There are two types of reading these days for elementary school age kids: reading for school and reading for fun. Sometimes the two overlap, sometimes not. In any case, the goals are for your child to meet the requirements for school reading and maybe actually want to read on his own. You can help on both fronts.
1. Read with him whether or not it’s for school. If possible, make it a quiet one-on-one ritual. Cozy things up by creating a special spot in the house – complete with stuffed animals and pillows. Take turns reading out loud, either by paragraph, page or swapping off with dialogue. Read expressively or with a silly accent. If he absolutely refuses to read, read to him or to a sibling while he’s also in the room. Try the book on tape (long car trips are ideal). A benefit to reading with him is that you can get a real sense of whether or not he’s struggling with reading and what seems to trip him up. This gives you good data when working with teachers and other learning professionals.

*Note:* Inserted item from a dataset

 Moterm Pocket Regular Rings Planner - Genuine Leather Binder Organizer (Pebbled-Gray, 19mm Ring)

2. Bring the book to life. Watch a movie version if it’s available. Create a journal together about the book as she reads in which you do mini-collages, write back and forth to each other or come up with adventures for the characters. Act out pieces of it or make a craft based on the plot or an interesting character. Check out the companion websites for book series, like Magic Tree House, and get on local library activity lists to attend their book read activities. Some libraries even align their activities with what is being read at the nearby schools. This isn’t to pile on a lot more time to a busy schedule; aim for maybe just 10 minutes or so some nights or on the weekend.
3. Create a special spot for reading. Doesn’t have to be elaborate – maybe just a child-sized bookshelf with lots of books around his interests. Add a cozy chair for two so you can sit together. Cut windows out of and decorate a refrigerator box or stick a small tent in a corner. Add books, pillows, a flashlight and some toys that relate to the books in it. For quiet concentration, put it in his room. If he does better in a more social atmosphere, pick a high-traffic room.

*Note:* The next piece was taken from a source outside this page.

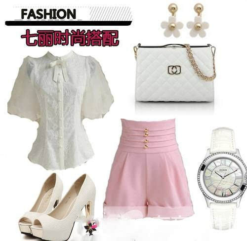 搭配單品:粉紅色高腰褲+白色蕾絲襯衫+白色單肩包+白色高跟鞋+手表

4. Keep reading materials in prominent places. Around the house leave books, magazines, graphic novels and comic books out where he can see them. Pick topics he likes. Horses, baseball, Pokémon, American Idol, whatever! A magazine article on Sponge Bob or a printed copy of an online review for the latest Lego video game. Stick an enticing story or website on your laptop when he goes to borrow it. For a child who is allergic to books, just reading something of his own volition is fantastic. And don’t give up. The book may rot on the table for weeks until he picks it up (probably when you’re not looking).